------ GIVEN ENTRIES

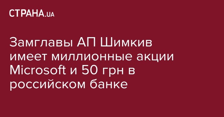 Замглавы АП Шимкив имеет миллионные акции Microsoft и 50 грн в российском банке
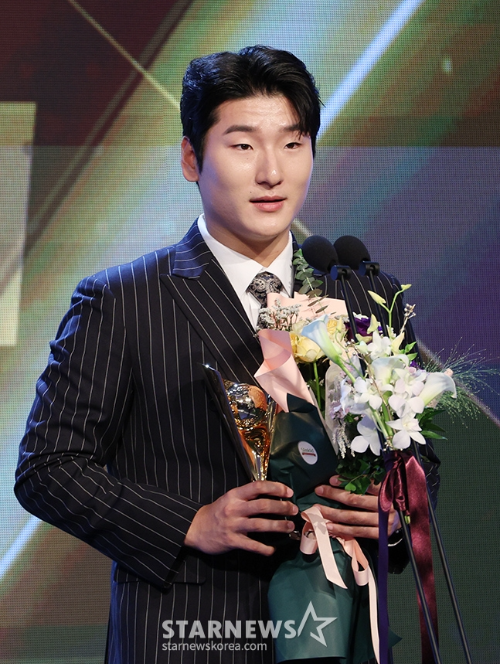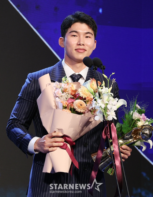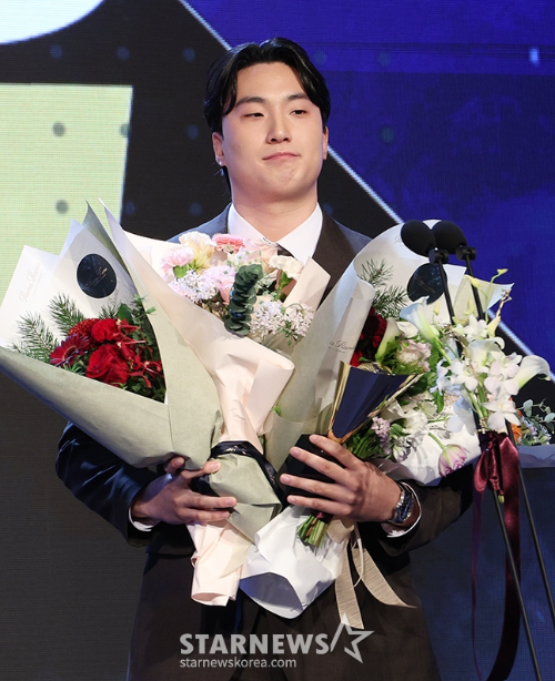 신인왕의 영예는 두산 베어스의 김택연(19)이 차지했습니다. 그는 유효표 101표 중 93표를 얻어 한화 이글스의 황영묵을 제치고 신인왕 트로피를 수상했습니다. 김택연은 2024 신인드래프트에서 두산의 1라운드 2순위로 지명되어, 첫 해 60경기에서 3승 2패, 19세이브, 4홀드, 평균자책점 2.08의 성적을 기록하며 기대 이상의
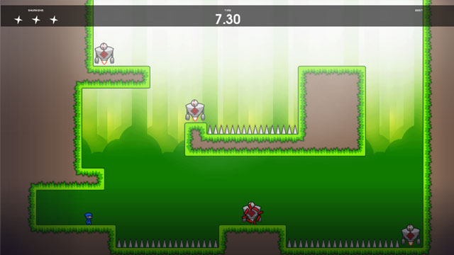 这是一款快节奏的动作闯关游戏,跟随着动感的背景音乐,从玩家开始动作起会出现10秒钟倒计时,玩家必须在10秒内消灭所有的机器人,当然每关卡充满着各种陷阱。想考验你的反应能力,那么这款作品,你不能错过。
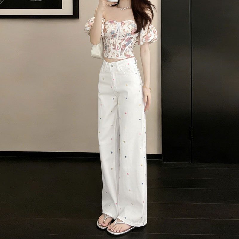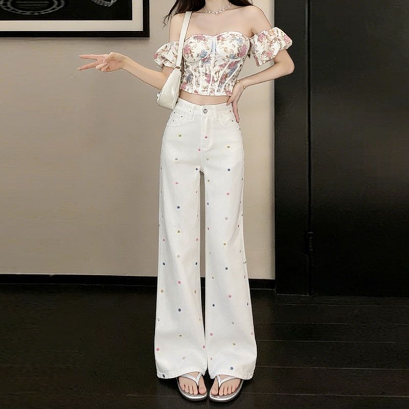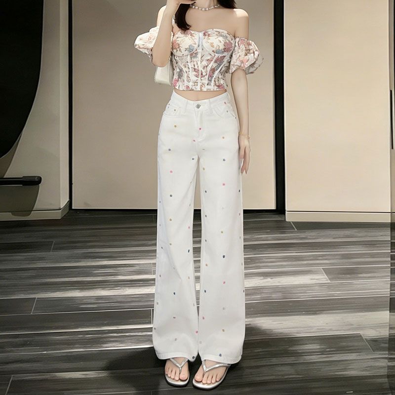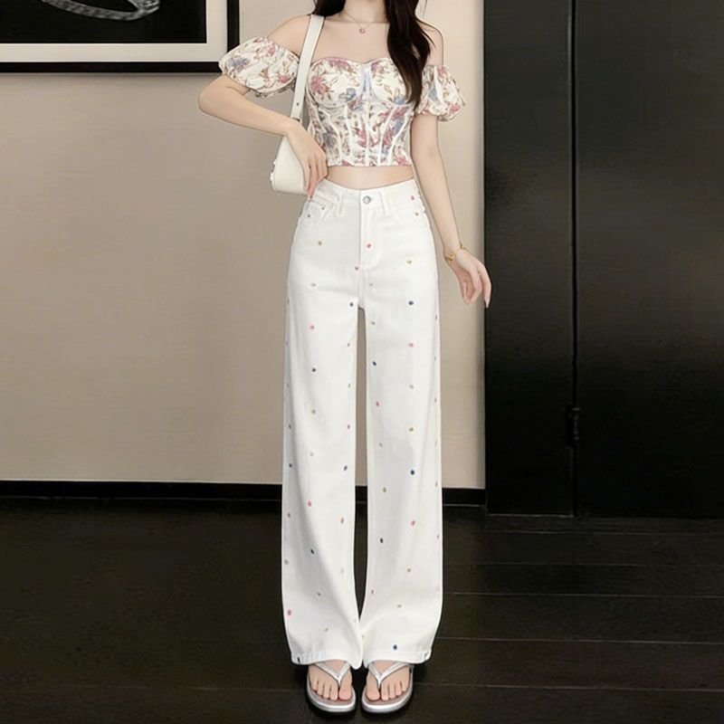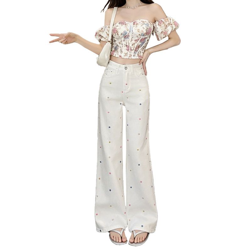 BY14654# 大码高腰阔腿牛仔裤女春夏新款显瘦设计感小花刺绣拖地直筒裤 服裝批發女裝批發服飾貨源
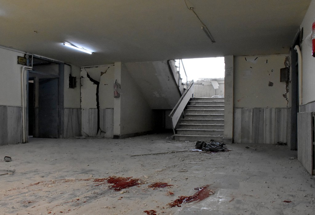 ▲阿勒頗市大學城遭到叛軍炮擊,造成4名平民死亡,地上血跡斑斑。新華社
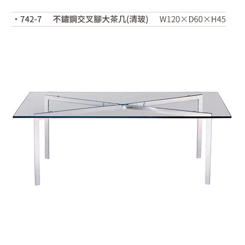 不鏽鋼交叉腳大茶几(清玻) 742-7 W120×D60×H45 (請來電詢價)
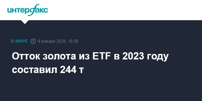Москва. 9 января. INTERFAX.RU - Мировые ETF (exchange traded funds – биржевые инвестиционные фонды) за 2023 год потеряли $14,7 млрд, что соответствует 244,4 тонны золота, подсчитал World Gold Council (WGC).
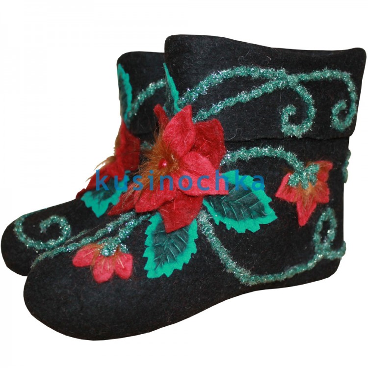 Купите недорогие зимние женские короткие валенки-самокатки (полуваленки) в нашем официальном интернет-магазине производителя валенок "Кусиночка" Челябинская область, г. Куса. Красивые короткие валенки - это модная и теплая обувь из натуральной шерсти. Черные короткие женские валенки ручной работы с ярким цветком красного мака, декорированным листьями из фетра и тесьмой, это не просто дизайнерские короткие валенки, это шикарные валенки-ботинки. В таких необычных, но в тоже время натуральных коротких валенках из овечьей шерсти, Вы почувствуете себя настоящей красоткой.
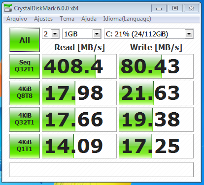 Bought a 120Gb WD Green (WDS120G2G0A), and I’m having writing speeds of ~ 70-80 MB/s.
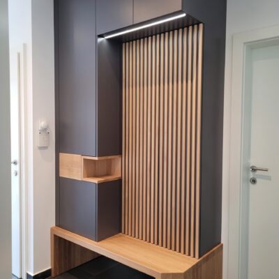 Moderne Garderobeneinrichtung mit dunklen, matten Oberflächen in Kombination mit senkrechten Holzlamellen, einer Sitzbank und offenen Ablageflächen aus geölter Eiche. Eine eingelassene LED-Leiste sorgt für dezente, indirekte Beleuchtung.
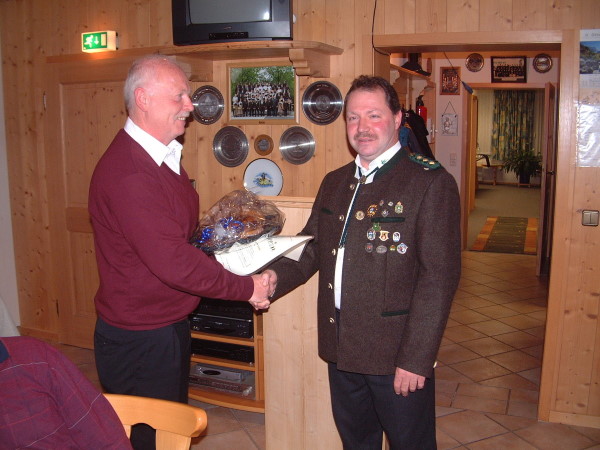| Bernhard Lechner überreicht den Meistpreis an 1. SM Albert Gaugler von der Dorflinde Surheim |

------------

■ TRY IT
Repeat the lines above exactly, and keep every picture out.

■ EXERCISE SOLUTION
 Замглавы АП Шимкив имеет миллионные акции Microsoft и 50 грн в российском банке
 신인왕의 영예는 두산 베어스의 김택연(19)이 차지했습니다. 그는 유효표 101표 중 93표를 얻어 한화 이글스의 황영묵을 제치고 신인왕 트로피를 수상했습니다. 김택연은 2024 신인드래프트에서 두산의 1라운드 2순위로 지명되어, 첫 해 60경기에서 3승 2패, 19세이브, 4홀드, 평균자책점 2.08의 성적을 기록하며 기대 이상의
 这是一款快节奏的动作闯关游戏,跟随着动感的背景音乐,从玩家开始动作起会出现10秒钟倒计时,玩家必须在10秒内消灭所有的机器人,当然每关卡充满着各种陷阱。想考验你的反应能力,那么这款作品,你不能错过。
 BY14654# 大码高腰阔腿牛仔裤女春夏新款显瘦设计感小花刺绣拖地直筒裤 服裝批發女裝批發服飾貨源
 ▲阿勒頗市大學城遭到叛軍炮擊,造成4名平民死亡,地上血跡斑斑。新華社
 不鏽鋼交叉腳大茶几(清玻) 742-7 W120×D60×H45 (請來電詢價)
Москва. 9 января. INTERFAX.RU - Мировые ETF (exchange traded funds – биржевые инвестиционные фонды) за 2023 год потеряли $14,7 млрд, что соответствует 244,4 тонны золота, подсчитал World Gold Council (WGC).
 Купите недорогие зимние женские короткие валенки-самокатки (полуваленки) в нашем официальном интернет-магазине производителя валенок "Кусиночка" Челябинская область, г. Куса. Красивые короткие валенки - это модная и теплая обувь из натуральной шерсти. Черные короткие женские валенки ручной работы с ярким цветком красного мака, декорированным листьями из фетра и тесьмой, это не просто дизайнерские короткие валенки, это шикарные валенки-ботинки. В таких необычных, но в тоже время натуральных коротких валенках из овечьей шерсти, Вы почувствуете себя настоящей красоткой.
 Bought a 120Gb WD Green (WDS120G2G0A), and I’m having writing speeds of ~ 70-80 MB/s.
 Moderne Garderobeneinrichtung mit dunklen, matten Oberflächen in Kombination mit senkrechten Holzlamellen, einer Sitzbank und offenen Ablageflächen aus geölter Eiche. Eine eingelassene LED-Leiste sorgt für dezente, indirekte Beleuchtung.
| Bernhard Lechner überreicht den Meistpreis an 1. SM Albert Gaugler von der Dorflinde Surheim |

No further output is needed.